Poster Presentation Eradicate Cancer 2018

TCR silencing with shRNA as a foundation for a bank of allogeneic CAR19 T-cells generated by single-step genetic modification using the piggyBac transposase (#102)

David C Bishop 1 2 3 , David J Gottlieb 1 2 3 4 , Kenneth P Micklethwaite 1 2 3 4
  1. Westmead Institute for Medical Research, Westmead, NSW, Australia
  2. Department of Haematology, Westmead Hospital, Westmead, NSW, Australia
  3. Sydney Medical School, The University of Sydney, Sydney, NSW, Australia
  4. Sydney Cellular Therapies Laboratory, Pathology West, Westmead, NSW, Australia

Aim: Autologous CD19-specific CAR (CAR19) T-cells have shown remarkable efficacy against B-cell malignancies, but manufacture of individualised products is expensive, delays patient treatment and is unfeasible in patients with insufficient healthy T-cells. We sought to evaluate TCR suppression by short hairpin RNA (shRNA) in low-cost piggyBac-generated CAR T-cells, in order to generate a ready-made allogeneic product devoid of alloreactivity.

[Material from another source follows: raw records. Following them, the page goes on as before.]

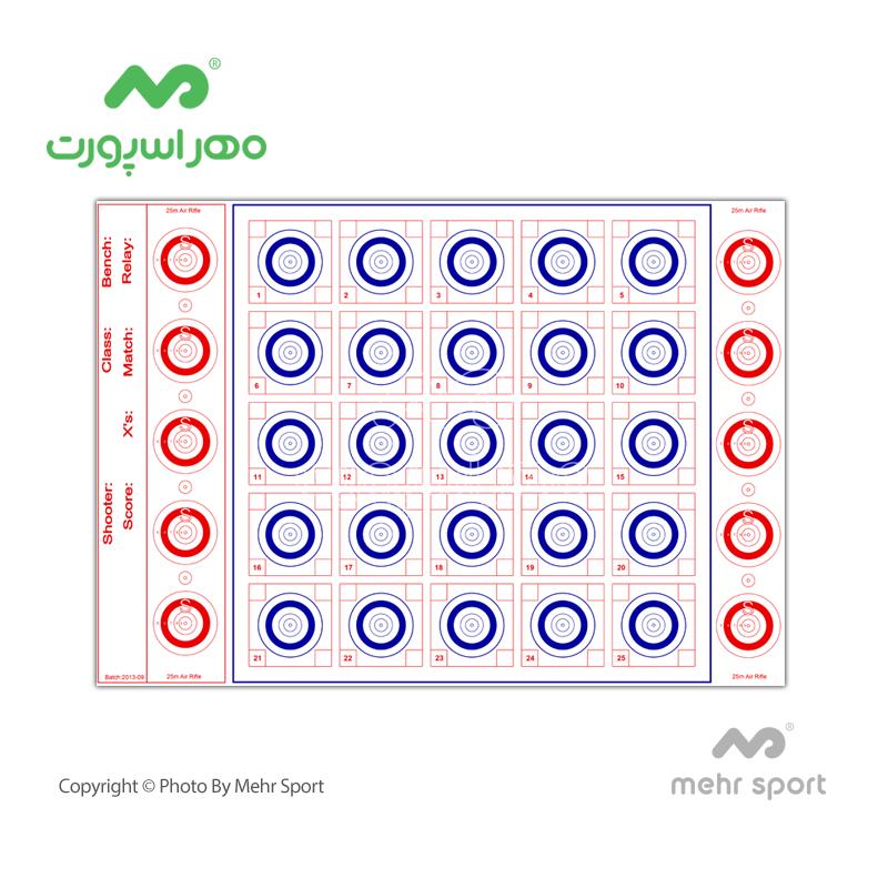 کارت هدف رنگی 25 متر بنچ رست، تولید شده با مقوای با کیفیت از جنس inderboard با چاپ 2 رنگ (استاندارد بین المللی). استفاده از مقوای inderboard با وزن 300 گرم در تولید این نوع سیبل بنچ رست باعث ثبت بهترین پانچ در اصابت ساچمه به هدف می شود که این قابلیت، استفاده از این سیبل در مسابقات رسمی را میسر می نماید.
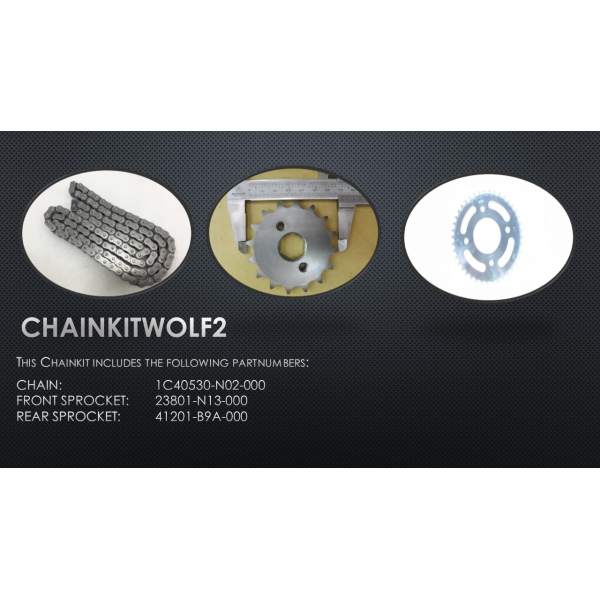 Description The spare chainkit wolf125 pd12a1-6 part number CHAINKITWOLF2 is a genuine SYM part which means it is exactly the same as the one mounted at the factory when the vehicle was new
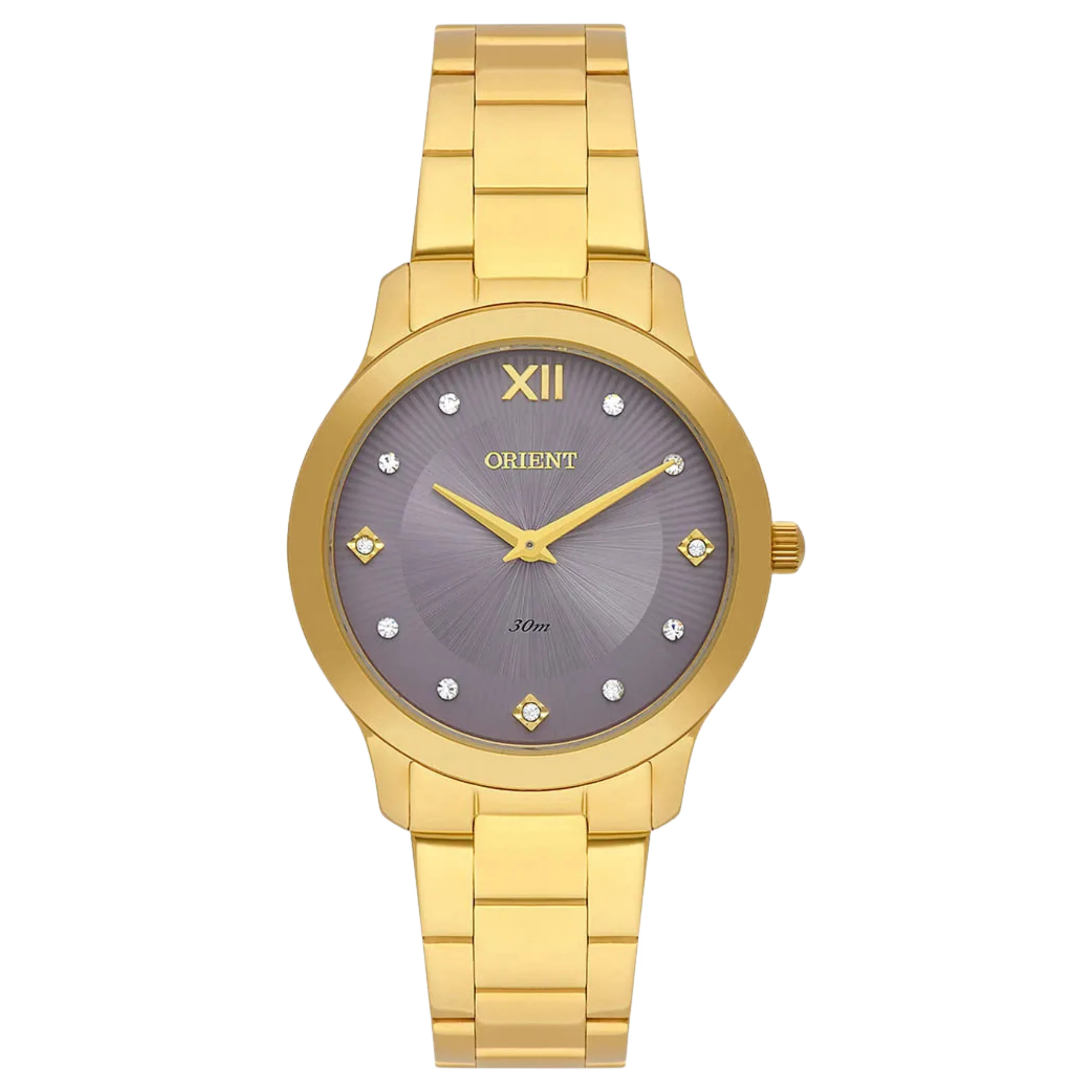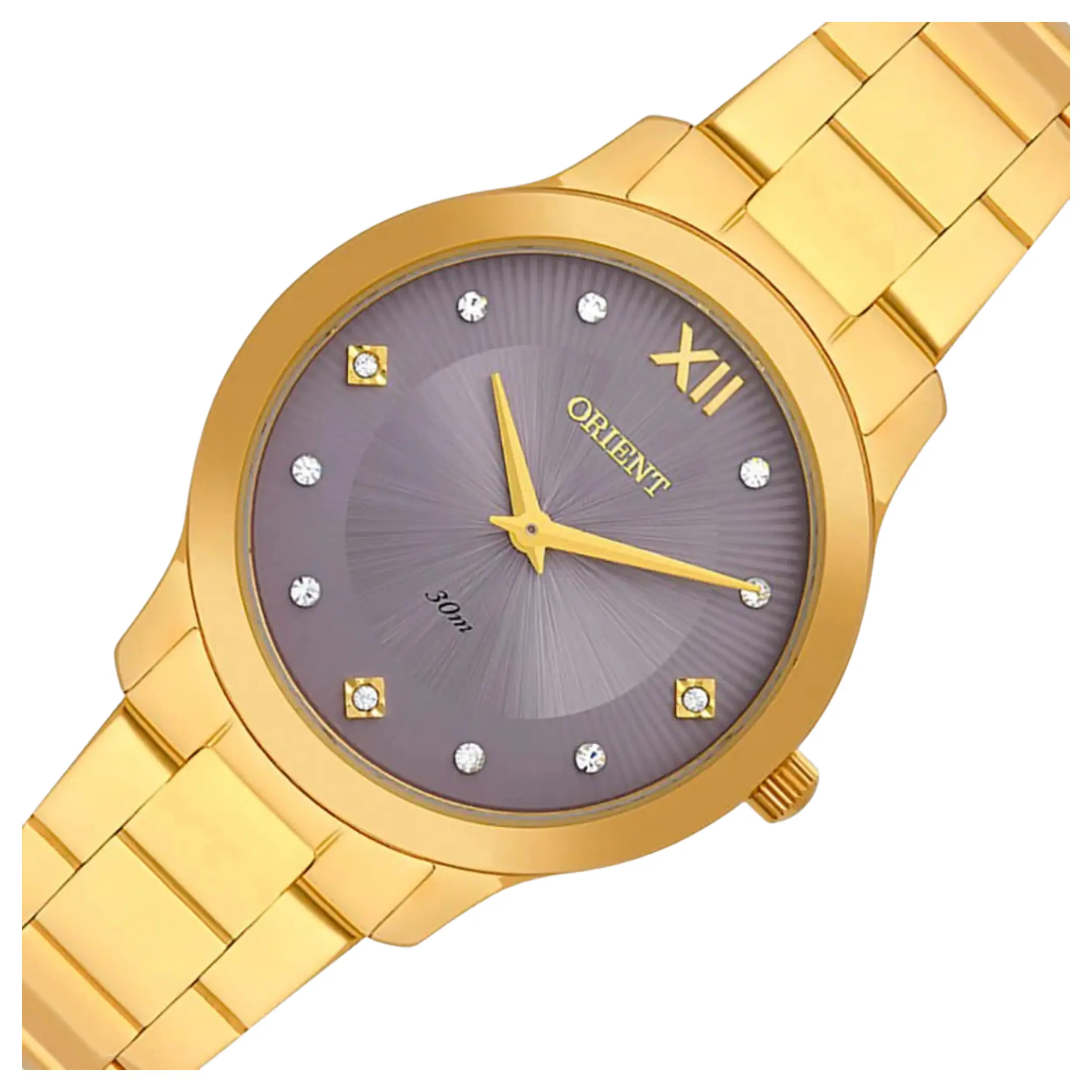 Relógio Orient FGSS0225 L3KX com Caixa Redonda e Pulseira em Aço na Cor Dourada e Mostrador Roxo.

Methods: PiggyBac transposon plasmids were generated for expression of CAR19-28z alone, or additionally with shRNA against either TCRα-chain or TCRβ-chain (shRNA designed by Takara Bio Inc). T-cells isolated by immunomagnetic separation were electroporated with piggyBac transposon and transposase plasmids (n=3 donors per construct), and expanded over 22 days via CD19 stimulation with IL-15 support. TCRneg cells were enriched by immunomagnetic CD3 depletion in CAR T-cell cultures that had been transfected with shRNA, to create a final product. Final products were further cultured to ensure stability of TCR suppression.

Results: CAR T-cell final products had expanded over 100-fold. Overall, the proportion of T cells with the desired TCRnegCAR+ phenotype varied significantly (5% for CAR19-28z alone, 41% with additional TCRα-chain shRNA and 70% with additional TCRβ-chain shRNA). CAR expression on T-cells was robust with CAR19-28z alone or with additional TCRβ-chain shRNA (96% and 98%, respectively), but was significantly lower with additional TCRα-chain shRNA (56%). The proportion of CAR T-cells that were TCRneg was significantly greater with additional TCRα-chain and TCRβ-chain shRNA (74% and 71%, respectively) compared to CAR19-28z alone (5%). TCR silencing was stable over a further 42 days with TCRβ-chain shRNA, but not TCRα-chain shRNA (CAR T-cells lacking TCR: 71% vs 1%, respectively).

Conclusion: CAR19 T-cells with stably suppressed TCR were successfully generated by introducing genes for both CAR and shRNA against TCRβ-chain into T-cells via single-step genetic modification with the piggyBac transposase system. This platform could form the foundation for a bank of inexpensive allogeneic TCRneg CAR T-cells with low GVHD potential, suitable for rapid treatment of many partially HLA-matched recipients.